It looks as if Cuba won’t even make its target of 1.3 million tons this year, due in part to a late start to crop at at least some of the factories. The country now has only 42 operating factories and two thirds of those started late.

At least there seems to be a plan for some the 114 factories shut down in the last four years : Venezuela has announced plans to buy parts of some of them as the cores of new ethanol plants that it intends to build. At the same time Cuba itself wants to increase its crop to 3 million tons sugar equivalent in order to make ethanol. How is it going to achieve that and find the say $100 million to build the plants?


According to a press release on the wires last month, the Eastern Cape Beet project seems to have survived its death and arisen, phoenix-like, from the ashes as an ethanol project. At least an ethanol based project is more likely to be successful than a sugar based one


TPC, nestling under the southern flanks of Kilimanjaro, is developing well with all of its new equipment now operational. It is poised to increase production by 20% as this year’s crop is about to start, having invested in both field and factory. The company has privatised about five or six years ago when a consortium of Mauritian and French [Reunion] companies purchased 75% of the equity from the government of Tanzania.

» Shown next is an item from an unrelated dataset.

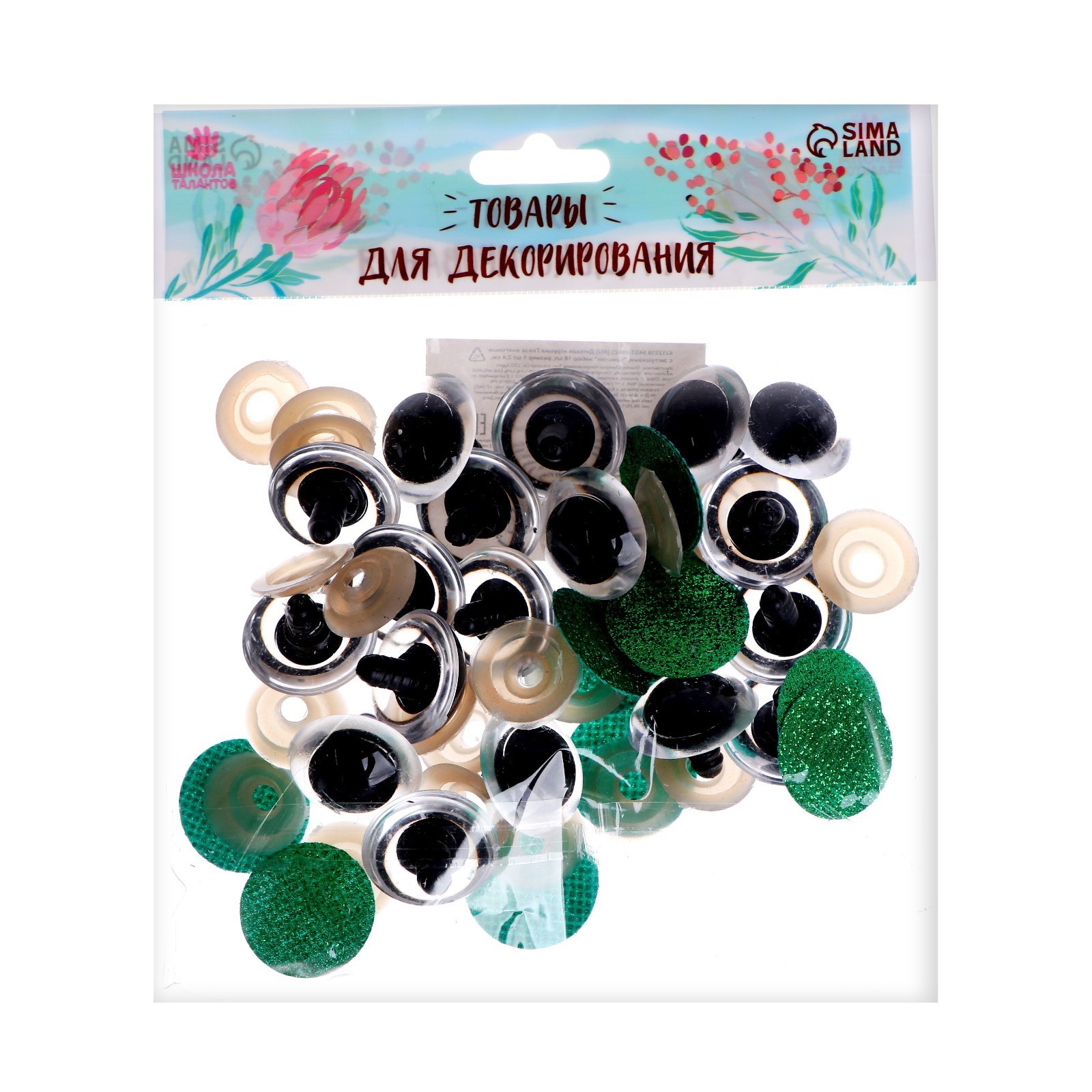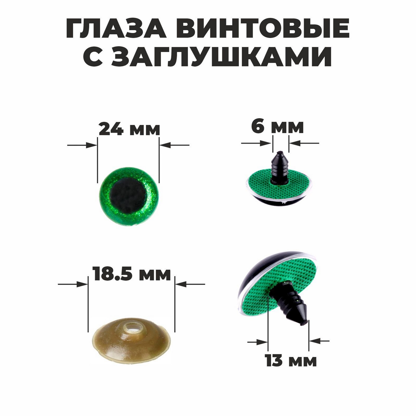 Глаза винтовые с заглушками, «блёстки» набор 18 шт., размер 1 шт.: 2.4 см, зелёные

The Zambian government is talking up a new $150 million cane sugar project in the north of the country at Luena in the north east of the country. Both Spanish and Indian investors have been mentioned.

There would be a 10 000 ha core estate and 20 000 ha of outgrower land and the target is to produce 250,000 t/a of sugar or sugar equivalent [ethanol has also been mentioned]. Now that the EU’s EBA programme is becoming a reality and with Zambia classified as an LDC, the project should be economic.


Cargill is now backward integrating having just purchased almost two thirds of Cevasa, a sugar and ethanol factory near Ribeirão Preto to the north of São Paulo.